Unit for Social and Community Psychiatry, Barts and the London School of Medicine and Dentistry, Queen Mary University of London, London, United Kingdom.
PLoS One. 2013 Aug 2;8(8):e70252. doi: 10.1371/journal.pone.0070252. Print 2013.
There is an emerging evidence base for the use of music therapy in the treatment of severe mental illness. Whilst different models of music therapy have been developed in mental health care, none have specifically accounted for the features and context of acute in-patient settings. This review aimed to identify how music therapy is provided for acute adult psychiatric in-patients and what outcomes have been reported.
A systematic review using medical, psychological and music therapy databases. Papers describing music therapy with acute adult psychiatric in-patients were included. Analysis utilised narrative synthesis.

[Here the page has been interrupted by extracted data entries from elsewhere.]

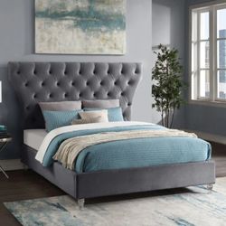 Rowan Velvet Grey Queen Bed (3 Boxes)
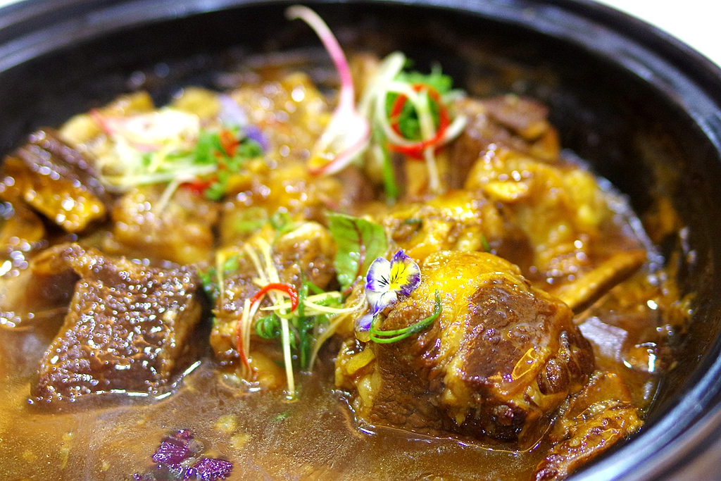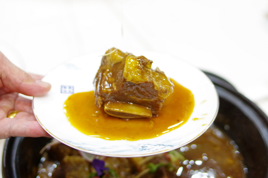 牛肋骨切大块,豪放的分量加上长时间慢火焖炖,肥肉处于即将化开的临界状态,质地原本较结实的牛肉丝也已酥烂,吃起来非常过瘾,用那包含牛肉精华的汤汁拌饭吃太香了。
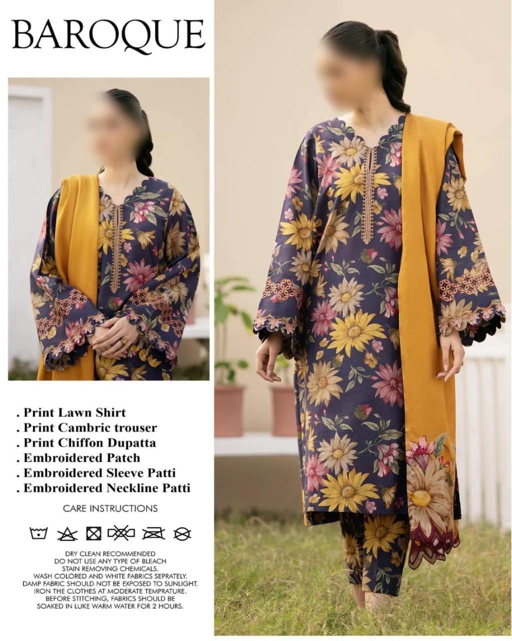 3 Piece - Unstitched Digital Printed Lawn Fabric BQ-402

98 papers were identified, of which 35 reported research findings. Open group work and active music making for nonverbal expression alongside verbal reflection was emphasised. Aims were engagement, communication and interpersonal relationships focusing upon immediate areas of need rather than longer term insight. The short stay, patient diversity and institutional structure influenced delivery and resulted in a focus on single sessions, high session frequency, more therapist direction, flexible use of musical activities, predictable musical structures, and clear realistic goals. Outcome studies suggested effectiveness in addressing a range of symptoms, but were limited by methodological shortcomings and small sample sizes. Studies with significant positive effects all used active musical participation with a degree of structure and were delivered in four or more sessions.

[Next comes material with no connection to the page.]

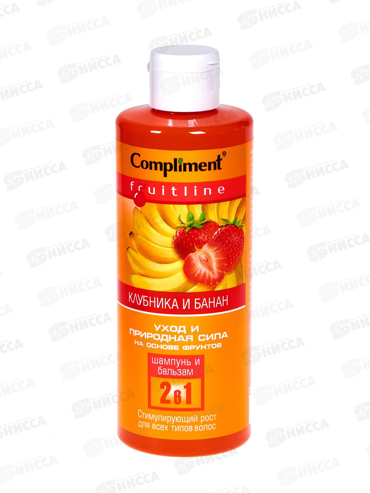 КОМПЛИМЕНТ шампунь+бальзам для волос 2в1 FruitLine Клубника/Банан 400мл *12

No single clearly defined model exists for music therapy with adults in acute psychiatric in-patient settings, and described models are not conclusive. Greater frequency of therapy, active structured music making with verbal discussion, consistency of contact and boundaries, an emphasis on building a therapeutic relationship and building patient resources may be of particular importance. Further research is required to develop specific music therapy models for this patient group that can be tested in experimental studies.
音乐疗法在治疗严重精神疾病方面的应用有了新的证据基础。尽管在精神卫生保健中已经开发出不同的音乐治疗模式,但没有一种模式专门考虑到急性住院环境的特点和背景。本综述旨在确定音乐疗法如何用于急性成年精神病住院患者,以及报告了哪些结果。

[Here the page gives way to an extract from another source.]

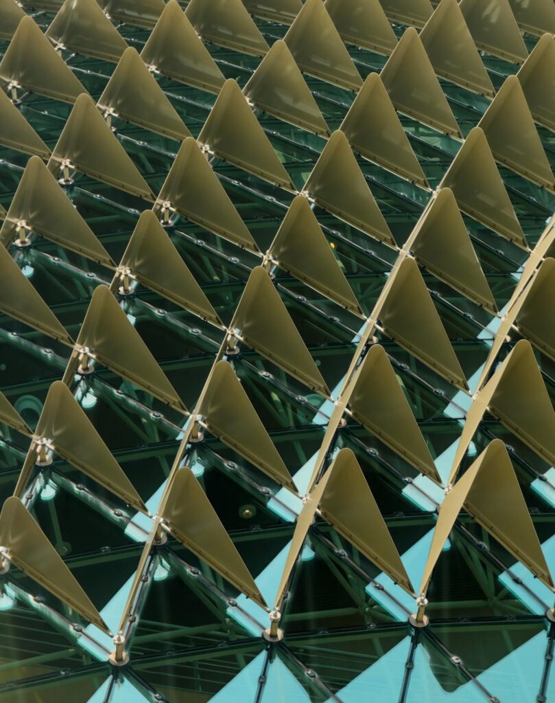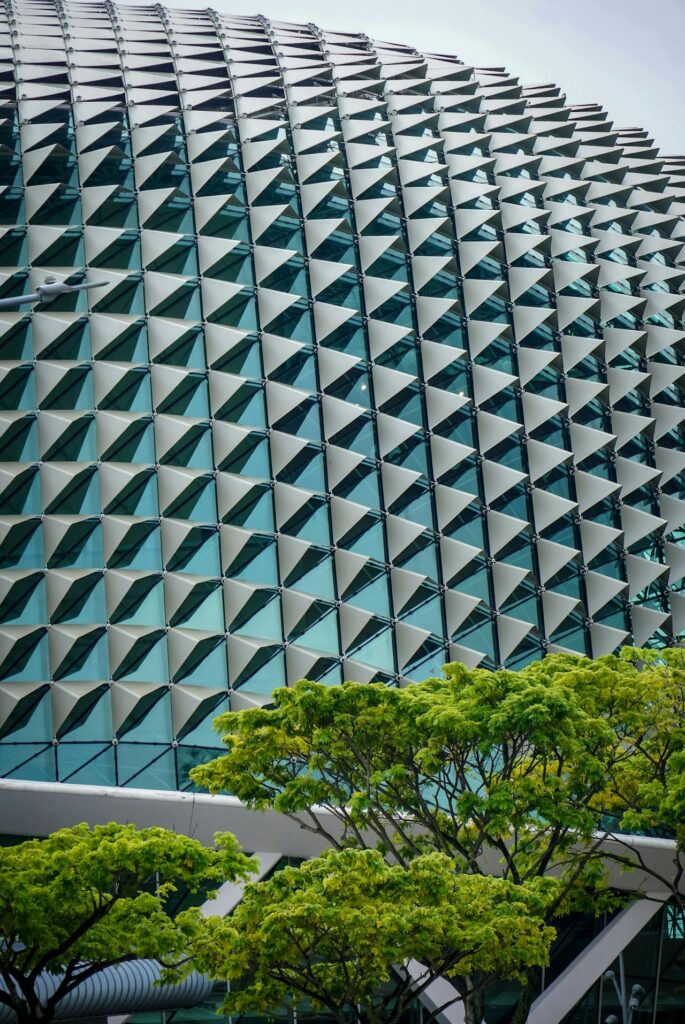 The façade of Esplanade is often interpreted as an expressive gesture, yet its logic is fundamentally quantitative and environmental. Located at an equatorial latitude of roughly 1° north, the building is exposed to high solar intensity throughout the year, making shading a primary architectural requirement rather than a secondary optimization. Instead of relying on heavily tinted glazing or internal blinds, the project introduces a double-skin façade in which solar radiation is intercepted before it reaches the glass envelope. This strategy addresses heat gain at its source, reducing cooling loads while preserving daylight penetration across the complex’s approximately 60,000 m² of gross floor area.

使用医学、心理和音乐治疗数据库进行系统综述。纳入描述急性成年精神病住院患者音乐治疗的论文。分析采用叙述性综合。
确定了 98 篇论文,其中 35 篇报告了研究结果。强调开放式团体工作和非言语表达的主动音乐创作以及言语反思。目标是参与、沟通和人际关系,重点是即时的需求领域,而不是长期的洞察力。短暂的停留、患者的多样性和机构结构影响了交付,导致专注于单次治疗、高治疗频率、更多治疗师指导、灵活使用音乐活动、可预测的音乐结构和明确的现实目标。结果研究表明,该方法在解决一系列症状方面具有有效性,但受到方法学缺陷和小样本量的限制。具有显著积极效果的研究都使用了具有一定结构的主动音乐参与,并进行了 4 次或更多次治疗。
在急性精神病住院患者中,没有明确的单一音乐治疗模式存在,描述的模式也不具有结论性。更频繁的治疗、主动的结构化音乐创作与言语讨论、接触和界限的一致性、强调建立治疗关系和建立患者资源可能特别重要。需要进一步研究为这一患者群体开发特定的音乐治疗模式,以便在实验研究中进行测试。